*** Material provided Section Begins ***

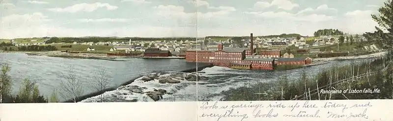 Abenaki Indians called the falls Anmecangin, meaning "much fish". The area was once part of Little River Plantation, a portion of which was incorporated in 1799 as Thompsonborough, then renamed in 1802 after Lisbon, Portugal. In 1806, Lisbon annexed the remainder of Little River Plantation. With water power from the Androscoggin River, Lisbon Falls became a small mill town.[3] Before it burned down in 1987, the Worumbo Mill was the main mill in Lisbon Falls. It had been incorporated in 1864, and was world-famous for its woolens.[4] Especially well known were its vicuña wool products, which became famous when President Eisenhower's Chief of Staff, Sherman Adams, received a vicuna sport coat as a gift from a wealthy industrialist and had to resign due to the resulting scandal. The town's primary employment was at a gypsum mill, which closed in 2009. Another large employer is Bath Iron Works, in nearby Bath, Maine.
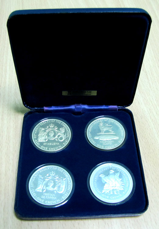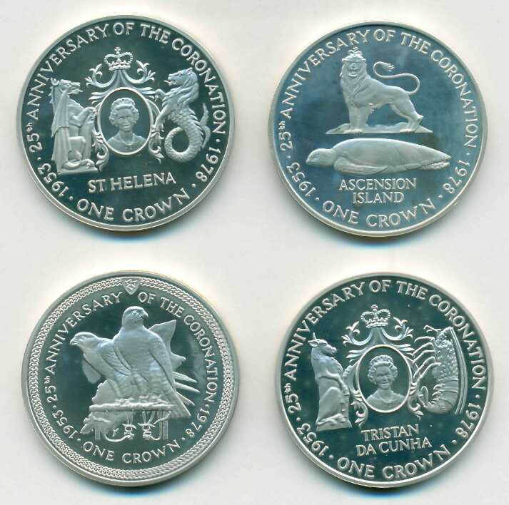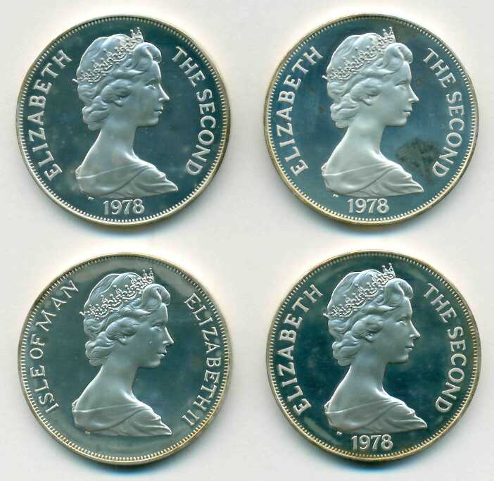 Набор из 4-х серебряных однокроновых монет 1978 года, посвященный 25-летию коронации королевы Великобритании Елизаветы II.
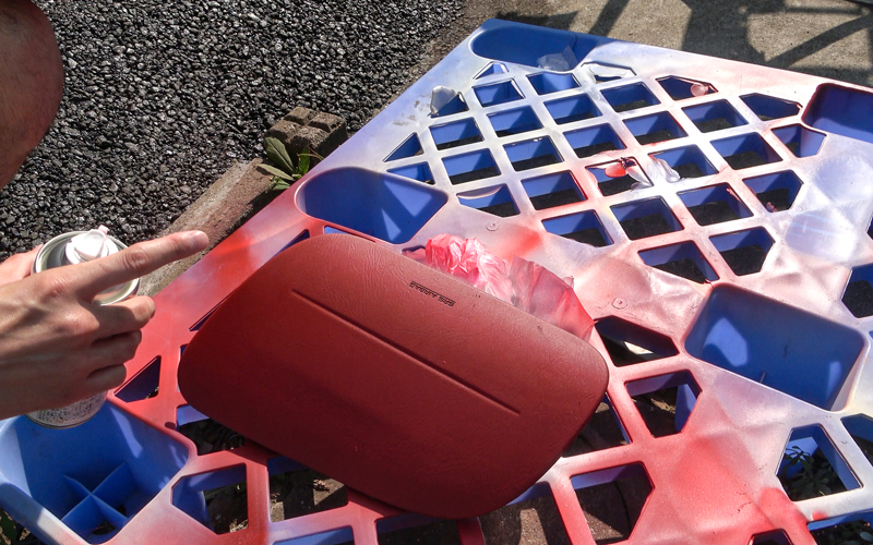 エアバックのカバー部分を塗装し忘れたので、急遽ラバースプレーで応急処置。
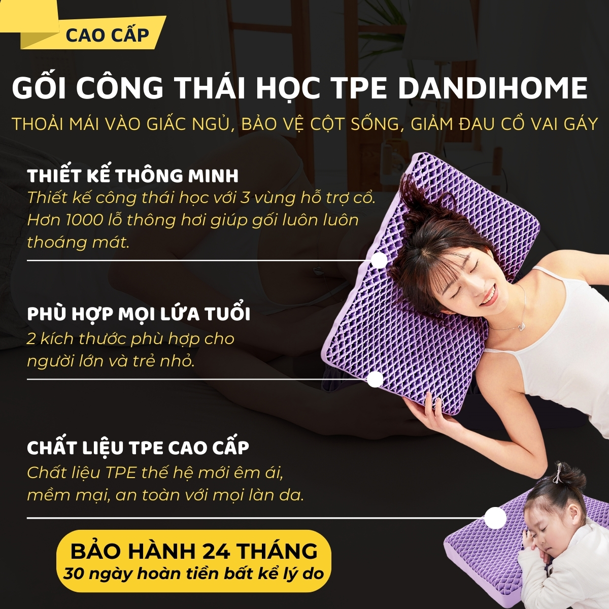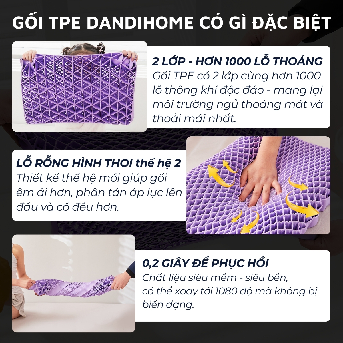 Mua tại TiktokGối công thái học TPE (Thermoplastic Elastomer) có nhiều đặc điểm vượt trội so với gối cao su non (Latex Foam) trước đây. (!) LƯU Ý: Trong 30 ngày nằm thử gối, Quý Khách vui lòng giữ lại vỏ và nilon bọc gối. DandiHome có thể từ chối hoàn tiền, nếu Quý Khách không giữ lại bao bì sản phẩm nguyên vẹn như ban đầu. Xin cám ơn. Hãy cùng DandiHome tìm hiểu! So sánh gối công thái học TPE thế hệ 2 của DandiHome với gối thông thường, gối cao su non… Gối công thái học TPE thế hệ 2 tại DandiHome Với nhiều ưu điểm, gối công thái học TPE đang được rất nhiều người quan tâm:
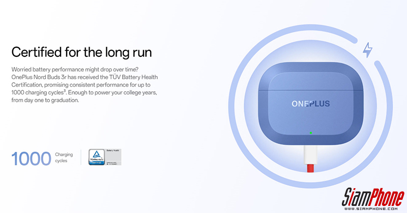 OnePlus Nord Buds 3r ยังมีจุดเด่นในเรื่องของความอึดแบตเตอรี่ สามารถใช้งานรวมเคสได้นานสุด 54 ชั่วโมง ถือว่าเป็นระยะเวลาที่นานที่สุดในบรรดาหูฟังไร้สาย TWS ของค่าย OnePlus และนังรองรับการชาร์จเร็ว เพียงชาร์จ 10 นาที ก็นำกลับมาใช้ได้นานกว่า 8 ชั่วโมง ทั้งนี้ยังได้การรับรองจาก TÜV Rheinland ในเรื่องของสุขภาพแบตเตอรี่ สามารถจับชาร์จได้มากกว่า 1,000 ครั้ง โดยที่แบตเตอรี่ไม่เสื่อม
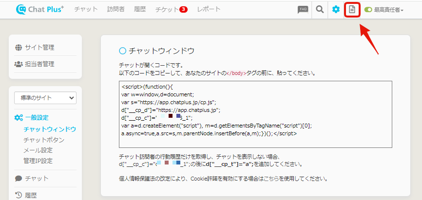 管理画面右上のノート(書類)マークより、契約画面にアクセスし、契約内容の確認や変更ができます。
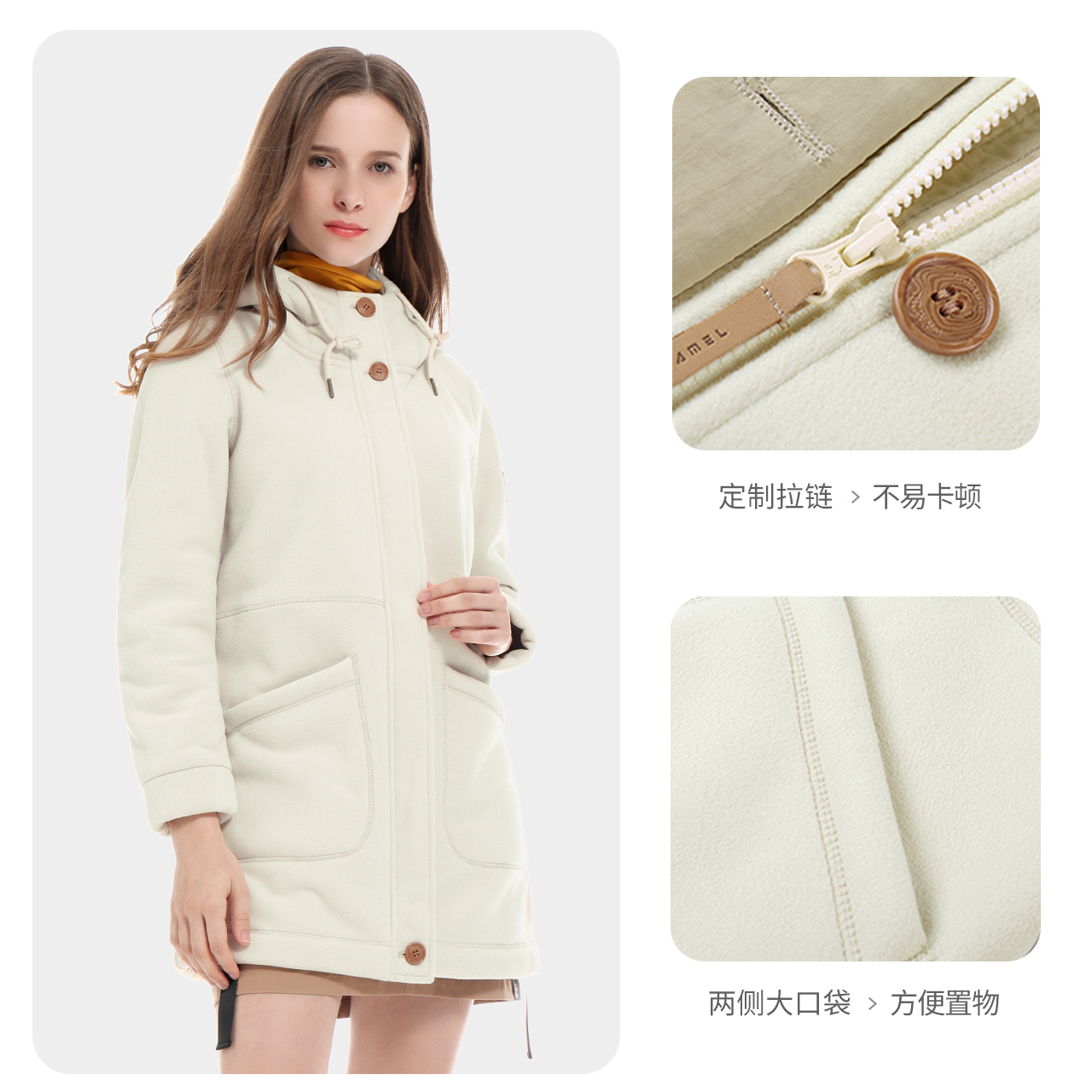 Camel outdoor fleece jacket women's mid-length 2021 winter new warm hooded cardigan fleece jacket top

*** Material provided Section Ends ***

§ Assignment: Include the first line of the records, the line containing "Mua tại TiktokGối", and every line between them, repeated exactly. Skip the pictures.

§ Exercise result:
 Abenaki Indians called the falls Anmecangin, meaning "much fish". The area was once part of Little River Plantation, a portion of which was incorporated in 1799 as Thompsonborough, then renamed in 1802 after Lisbon, Portugal. In 1806, Lisbon annexed the remainder of Little River Plantation. With water power from the Androscoggin River, Lisbon Falls became a small mill town.[3] Before it burned down in 1987, the Worumbo Mill was the main mill in Lisbon Falls. It had been incorporated in 1864, and was world-famous for its woolens.[4] Especially well known were its vicuña wool products, which became famous when President Eisenhower's Chief of Staff, Sherman Adams, received a vicuna sport coat as a gift from a wealthy industrialist and had to resign due to the resulting scandal. The town's primary employment was at a gypsum mill, which closed in 2009. Another large employer is Bath Iron Works, in nearby Bath, Maine.
 Набор из 4-х серебряных однокроновых монет 1978 года, посвященный 25-летию коронации королевы Великобритании Елизаветы II.
 エアバックのカバー部分を塗装し忘れたので、急遽ラバースプレーで応急処置。
 Mua tại TiktokGối công thái học TPE (Thermoplastic Elastomer) có nhiều đặc điểm vượt trội so với gối cao su non (Latex Foam) trước đây. (!) LƯU Ý: Trong 30 ngày nằm thử gối, Quý Khách vui lòng giữ lại vỏ và nilon bọc gối. DandiHome có thể từ chối hoàn tiền, nếu Quý Khách không giữ lại bao bì sản phẩm nguyên vẹn như ban đầu. Xin cám ơn. Hãy cùng DandiHome tìm hiểu! So sánh gối công thái học TPE thế hệ 2 của DandiHome với gối thông thường, gối cao su non… Gối công thái học TPE thế hệ 2 tại DandiHome Với nhiều ưu điểm, gối công thái học TPE đang được rất nhiều người quan tâm:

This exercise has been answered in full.